::: SOURCE DATA

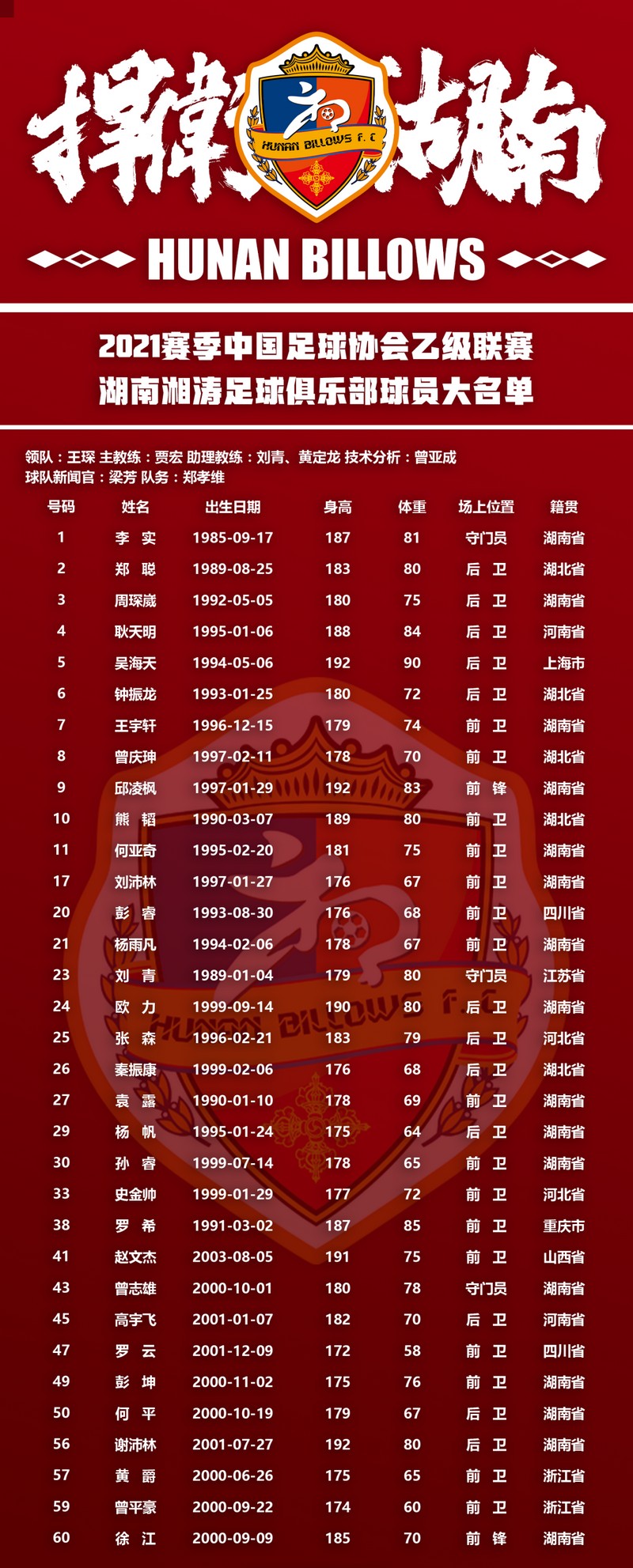 (湖南湘涛队2021赛季球队大名单。供图/湘涛俱乐部)
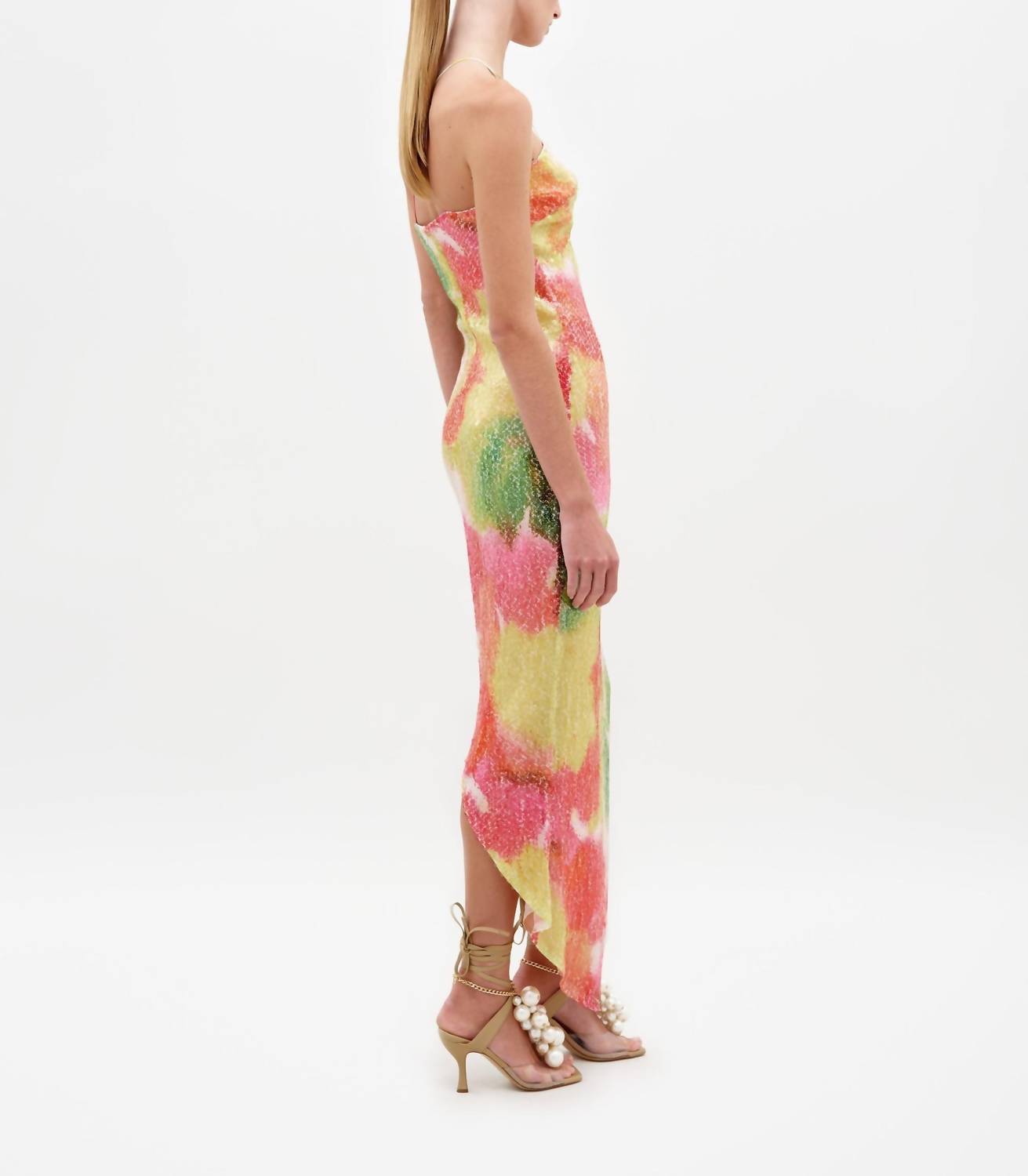 Just add slides or mules and you are good to go. Introducing the Lisseth Midi Dress by Silvia Tcherassi, a captivating piece perfect for your next holiday party. This sleeveless dress in the dreamy Spring Blooms color features a V-neckline and thin straps, exuding a boho chic allure. Made from Italian textile, it boasts a fitted silhouette with an asymmetrical hemline, crafted entirely from 100% polyester with a lining of 97% polyester and 3% elastane. Finished with a zip closure at the back, this Colombian-made dress requires dry cleaning to maintain its elegance.
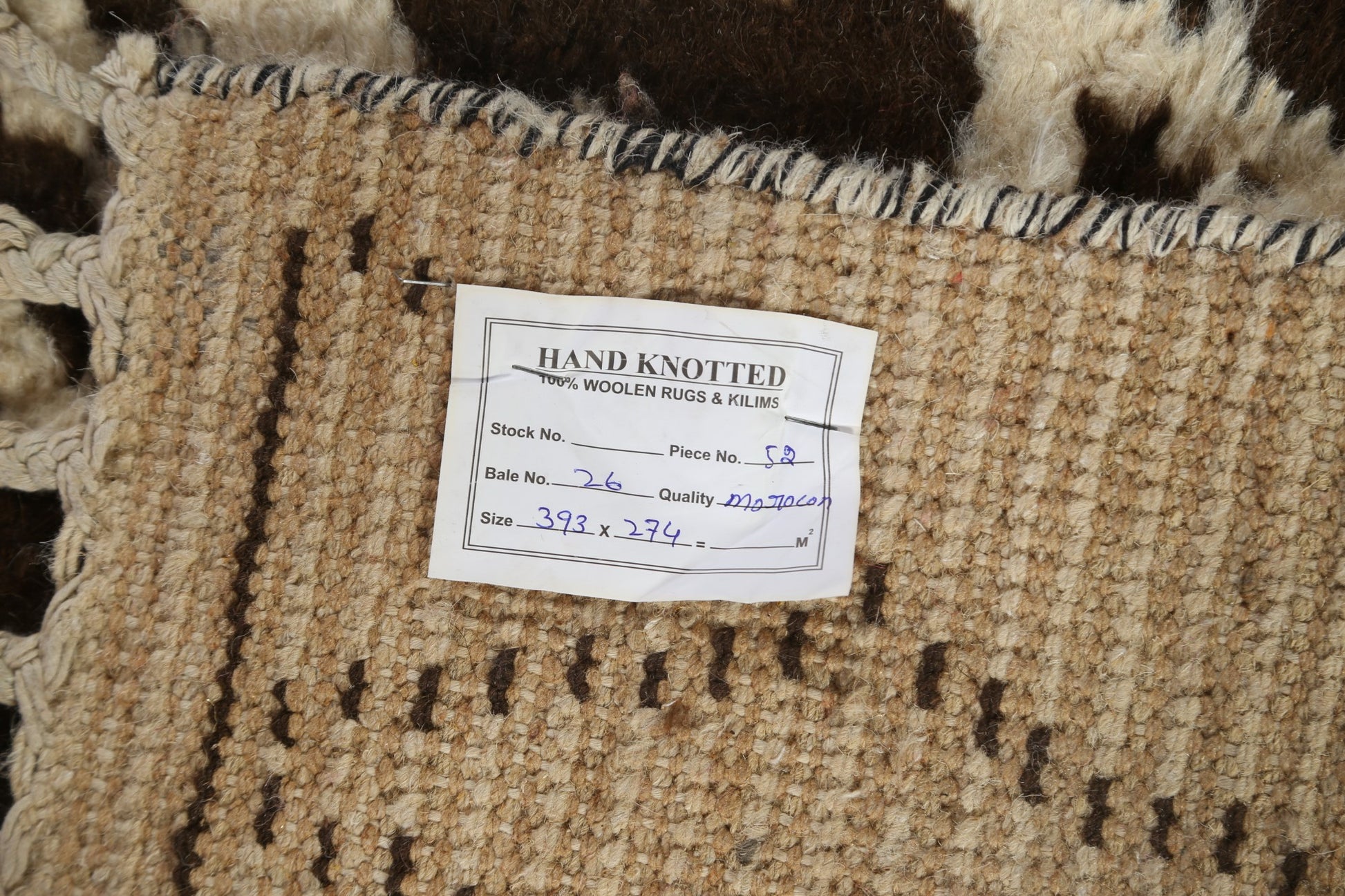 A Beautiful Genuine Morocco Moroccan rug is Hand Knotted by skillful weavers in Morocco with 100% Wool Material. This rug is in New, First Quality condition. dimensions are 13' 0'' X 9' 0'' in foot and 396 X 274 in centimeter. the primary color is Beige & Ivories.
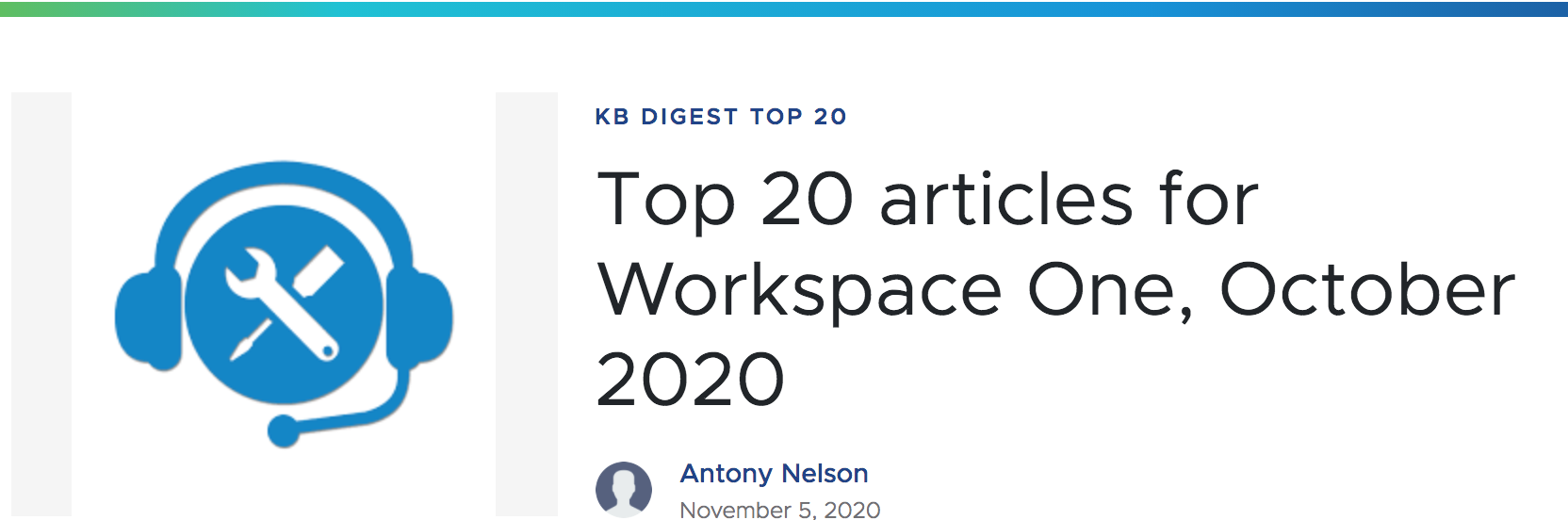 Check out the Top 20 articles for Workspace One, October 2020 – from VMware Support Insider.
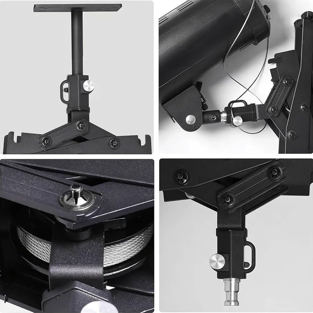 The Video Light Mount Support kit with good load-bearing capacity and a maximum load-bearing capacity of 15kg, suitable lighting fixtures can be used for matching. Equipped with clip wires, the moving light wires of the lighting fixtures are no longer tied, and safety ropes are used to bind the lighting fixtures and lifting arms to protect the lighting fixtures, ensuring safety and reliability
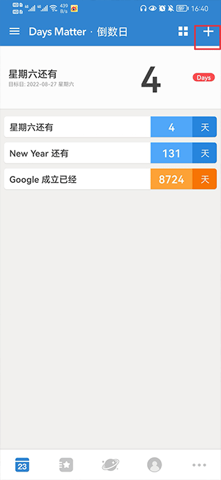 1、打开倒数日app,在首页中点击右上角+号
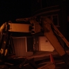 As I was wandering around my neigborhood, I was struck by how different it looks at night. I walk this way fairly frequently, and thus don't usually notice my surroundings. The cranes looked like monsters having a rest from battling. The dark paths a...

::::::

● **WORK ITEM**: Print out every entry above without changing a word, and leave out the pictures.

● **ANSWER BOX**:
 (湖南湘涛队2021赛季球队大名单。供图/湘涛俱乐部)
 Just add slides or mules and you are good to go. Introducing the Lisseth Midi Dress by Silvia Tcherassi, a captivating piece perfect for your next holiday party. This sleeveless dress in the dreamy Spring Blooms color features a V-neckline and thin straps, exuding a boho chic allure. Made from Italian textile, it boasts a fitted silhouette with an asymmetrical hemline, crafted entirely from 100% polyester with a lining of 97% polyester and 3% elastane. Finished with a zip closure at the back, this Colombian-made dress requires dry cleaning to maintain its elegance.
 A Beautiful Genuine Morocco Moroccan rug is Hand Knotted by skillful weavers in Morocco with 100% Wool Material. This rug is in New, First Quality condition. dimensions are 13' 0'' X 9' 0'' in foot and 396 X 274 in centimeter. the primary color is Beige & Ivories.
 Check out the Top 20 articles for Workspace One, October 2020 – from VMware Support Insider.
 The Video Light Mount Support kit with good load-bearing capacity and a maximum load-bearing capacity of 15kg, suitable lighting fixtures can be used for matching. Equipped with clip wires, the moving light wires of the lighting fixtures are no longer tied, and safety ropes are used to bind the lighting fixtures and lifting arms to protect the lighting fixtures, ensuring safety and reliability
 1、打开倒数日app,在首页中点击右上角+号
 As I was wandering around my neigborhood, I was struck by how different it looks at night. I walk this way fairly frequently, and thus don't usually notice my surroundings. The cranes looked like monsters having a rest from battling. The dark paths a...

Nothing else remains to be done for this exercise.